YOUR INSTRUCTIONS | The whole listing, exactly as given: write it out, leaving out each image.

SUPPLIED MATERIAL |
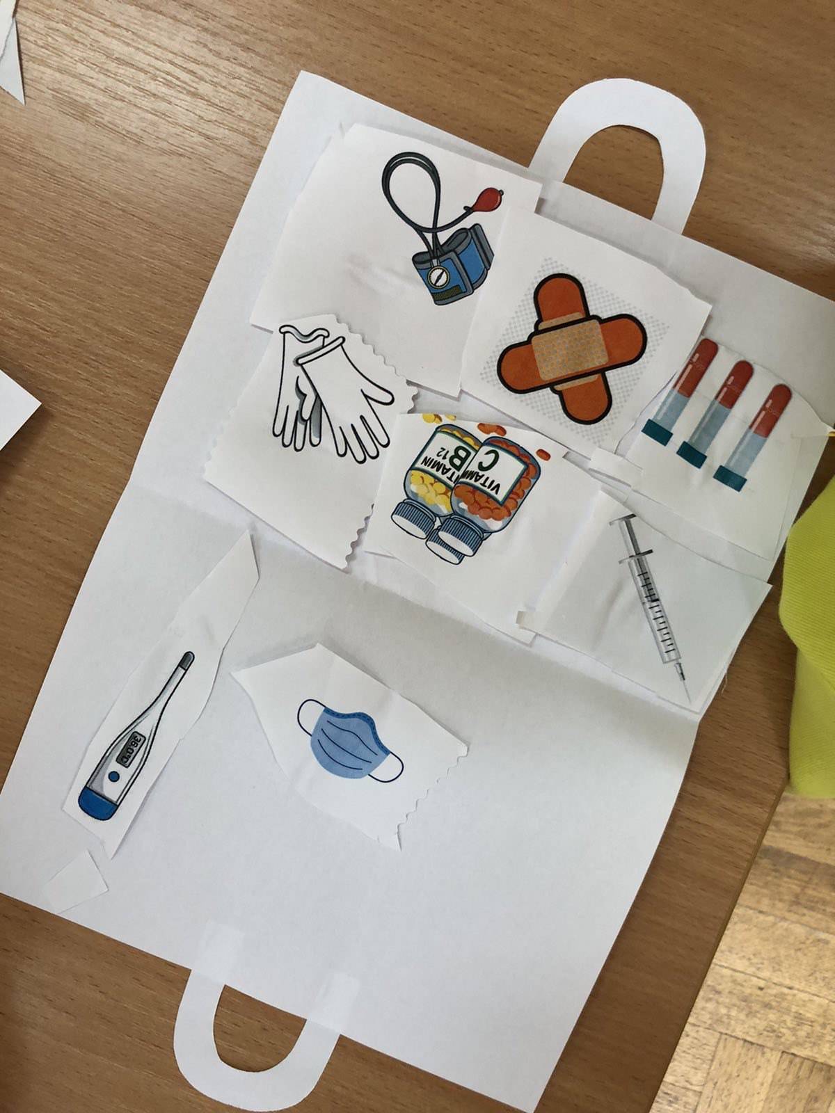 Правили су и своје торбице за прву помоћ. Прво су сецкали предмете које су желели да им се нађу у торбици а потом су их лепили.
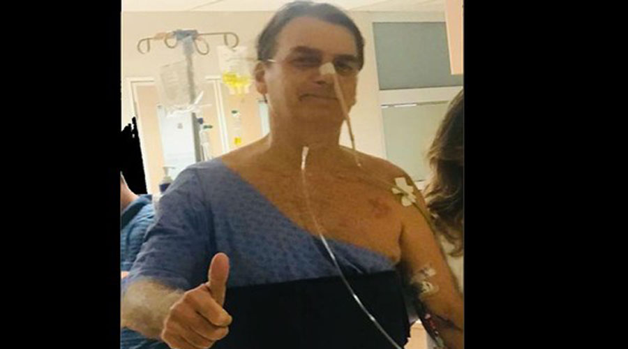 O Palácio do Planalto divulgou na tarde desta quinta uma foto de Bolsonaro fazendo caminhada no hospital com a sonda nasogástrica e fazendo sinal de positivo.
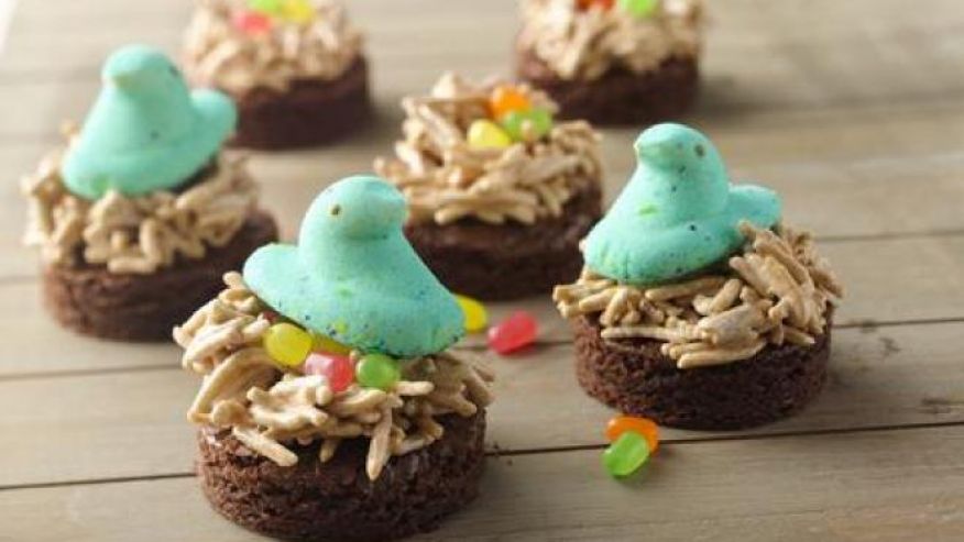 These colorful little nests will be fun for kids of all ages to assemble. Mix up the Peeps toppers with different colors and flavors of chicks. Mix up the "eggs" by using your favorite jelly bean or small, soft candy.

WRITTEN RESPONSE |
 Правили су и своје торбице за прву помоћ. Прво су сецкали предмете које су желели да им се нађу у торбици а потом су их лепили.
 O Palácio do Planalto divulgou na tarde desta quinta uma foto de Bolsonaro fazendo caminhada no hospital com a sonda nasogástrica e fazendo sinal de positivo.
 These colorful little nests will be fun for kids of all ages to assemble. Mix up the Peeps toppers with different colors and flavors of chicks. Mix up the "eggs" by using your favorite jelly bean or small, soft candy.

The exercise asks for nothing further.